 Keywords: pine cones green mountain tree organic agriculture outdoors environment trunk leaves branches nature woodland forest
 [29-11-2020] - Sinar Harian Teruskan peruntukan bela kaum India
==
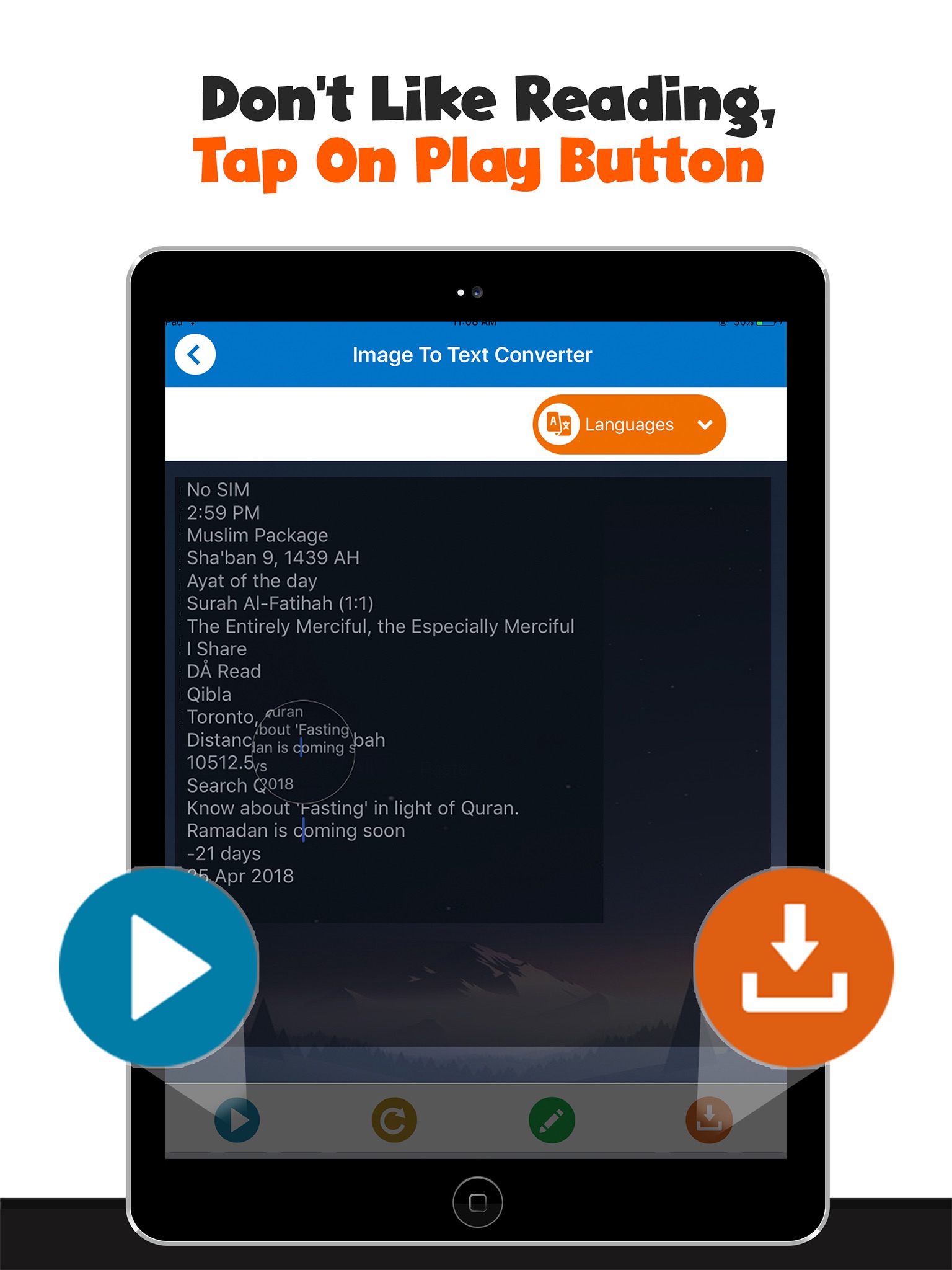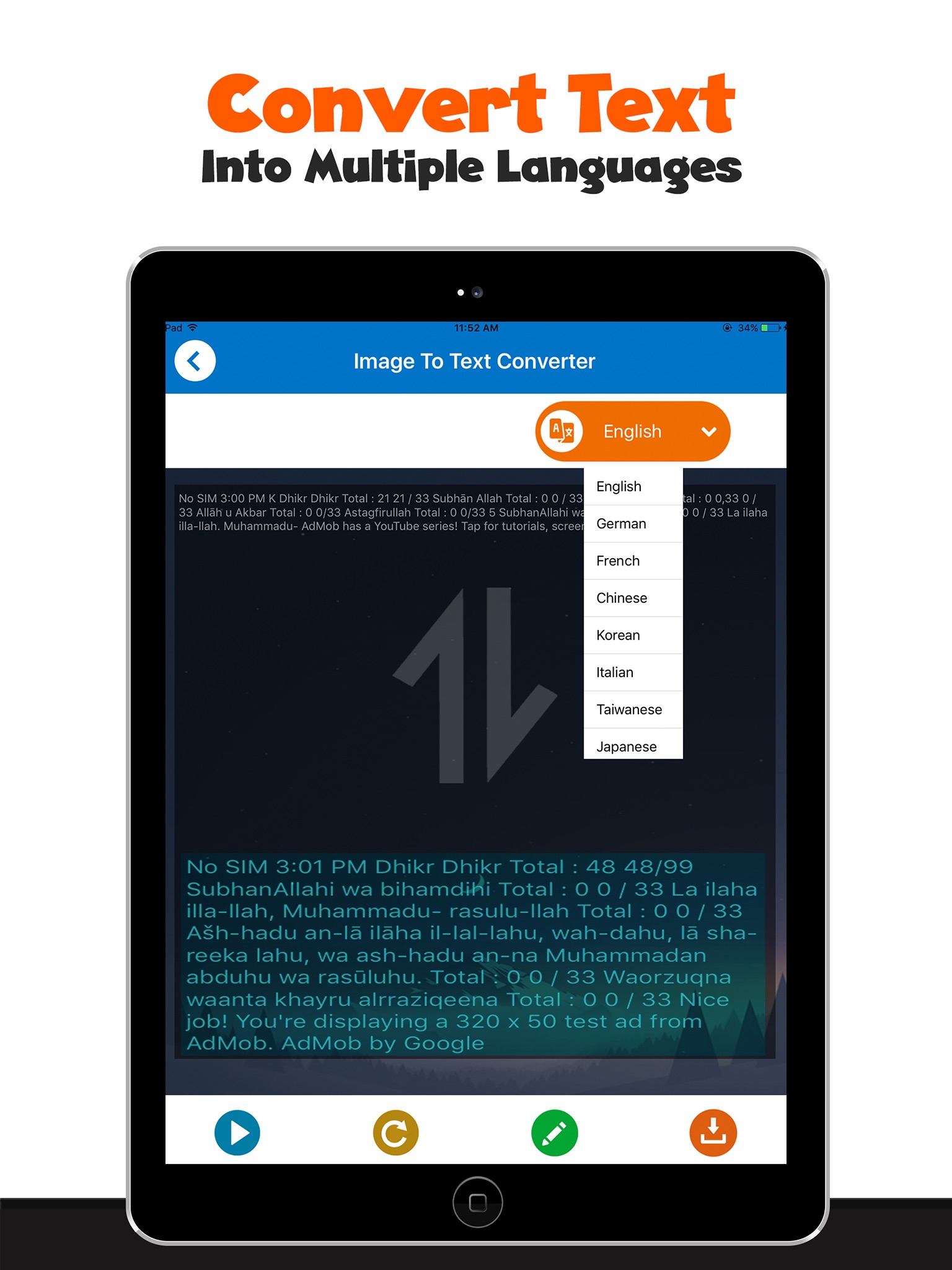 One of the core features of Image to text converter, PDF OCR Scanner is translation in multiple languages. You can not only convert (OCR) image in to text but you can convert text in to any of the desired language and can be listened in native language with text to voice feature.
* * *
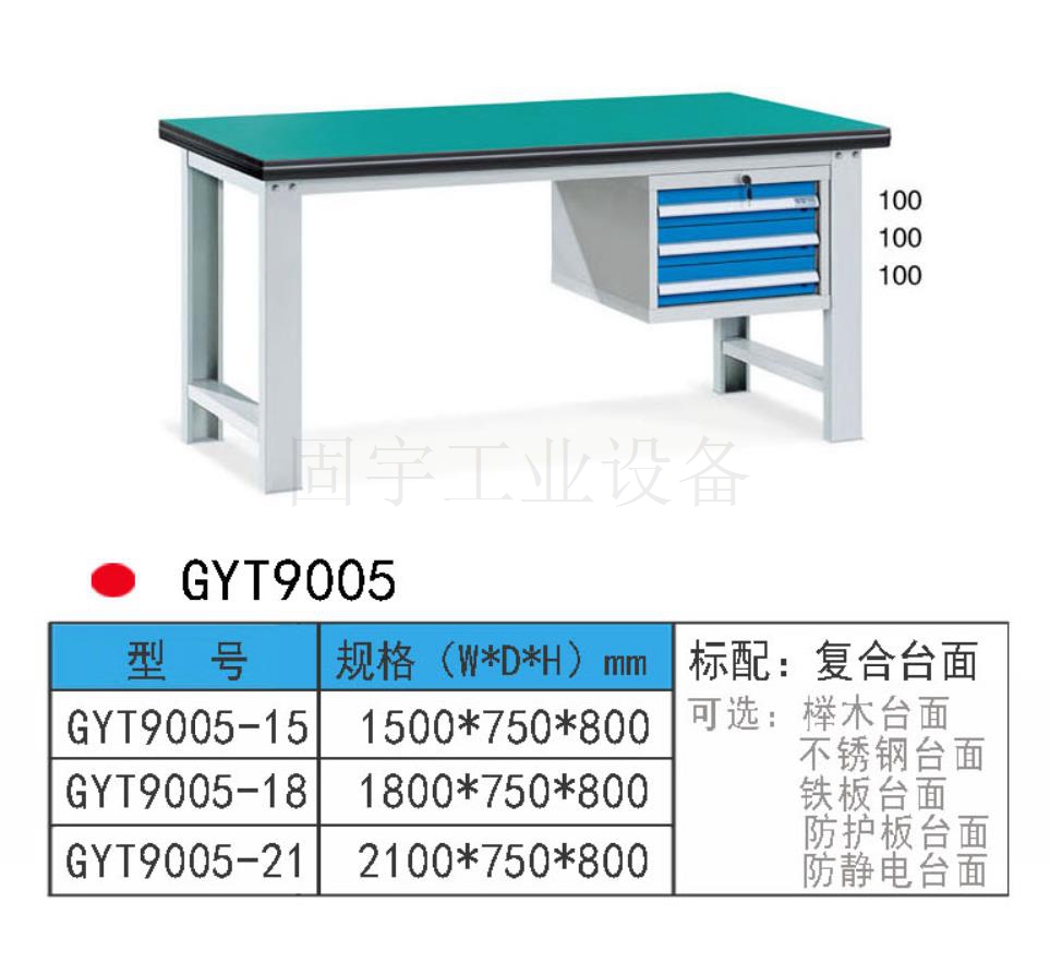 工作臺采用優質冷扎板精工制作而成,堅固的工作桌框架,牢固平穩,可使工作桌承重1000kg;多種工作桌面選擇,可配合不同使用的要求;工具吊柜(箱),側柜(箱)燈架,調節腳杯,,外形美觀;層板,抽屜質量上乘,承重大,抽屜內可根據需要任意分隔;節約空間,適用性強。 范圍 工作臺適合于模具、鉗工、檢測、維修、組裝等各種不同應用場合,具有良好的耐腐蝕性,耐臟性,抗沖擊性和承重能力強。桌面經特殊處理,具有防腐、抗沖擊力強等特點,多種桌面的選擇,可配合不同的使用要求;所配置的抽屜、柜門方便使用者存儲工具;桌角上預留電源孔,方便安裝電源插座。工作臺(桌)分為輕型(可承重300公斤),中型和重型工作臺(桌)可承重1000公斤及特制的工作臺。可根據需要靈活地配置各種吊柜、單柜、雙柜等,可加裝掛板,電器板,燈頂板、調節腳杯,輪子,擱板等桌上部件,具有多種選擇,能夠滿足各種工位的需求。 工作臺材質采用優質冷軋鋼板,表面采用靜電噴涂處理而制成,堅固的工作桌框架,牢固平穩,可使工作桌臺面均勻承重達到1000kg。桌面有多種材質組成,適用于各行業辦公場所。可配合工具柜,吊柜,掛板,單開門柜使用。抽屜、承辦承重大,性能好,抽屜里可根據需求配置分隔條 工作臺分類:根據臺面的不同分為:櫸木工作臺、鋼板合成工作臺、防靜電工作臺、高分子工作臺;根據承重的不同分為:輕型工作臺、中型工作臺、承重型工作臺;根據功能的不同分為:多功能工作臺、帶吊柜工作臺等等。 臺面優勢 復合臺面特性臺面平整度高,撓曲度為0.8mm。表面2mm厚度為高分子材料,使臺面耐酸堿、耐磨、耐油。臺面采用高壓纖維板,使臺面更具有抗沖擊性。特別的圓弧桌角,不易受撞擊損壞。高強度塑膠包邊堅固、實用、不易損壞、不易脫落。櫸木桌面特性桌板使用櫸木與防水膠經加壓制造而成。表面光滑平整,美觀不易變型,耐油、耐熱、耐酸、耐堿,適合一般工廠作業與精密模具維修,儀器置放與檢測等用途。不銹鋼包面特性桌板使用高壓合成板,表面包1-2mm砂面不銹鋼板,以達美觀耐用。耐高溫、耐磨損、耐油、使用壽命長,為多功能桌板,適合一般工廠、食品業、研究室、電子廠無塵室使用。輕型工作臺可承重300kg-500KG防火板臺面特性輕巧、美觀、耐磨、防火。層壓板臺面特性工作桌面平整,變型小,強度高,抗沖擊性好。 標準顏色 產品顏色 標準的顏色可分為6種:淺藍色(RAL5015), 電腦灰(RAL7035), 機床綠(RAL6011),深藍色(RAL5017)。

• _YOUR INSTRUCTIONS_
Look back at the entries above. Retype the line with "Keywords: pine cones", the line with "[29-11-2020] - Sinar", and all lines in between.

• _ANSWER SECTION_
 Keywords: pine cones green mountain tree organic agriculture outdoors environment trunk leaves branches nature woodland forest
 [29-11-2020] - Sinar Harian Teruskan peruntukan bela kaum India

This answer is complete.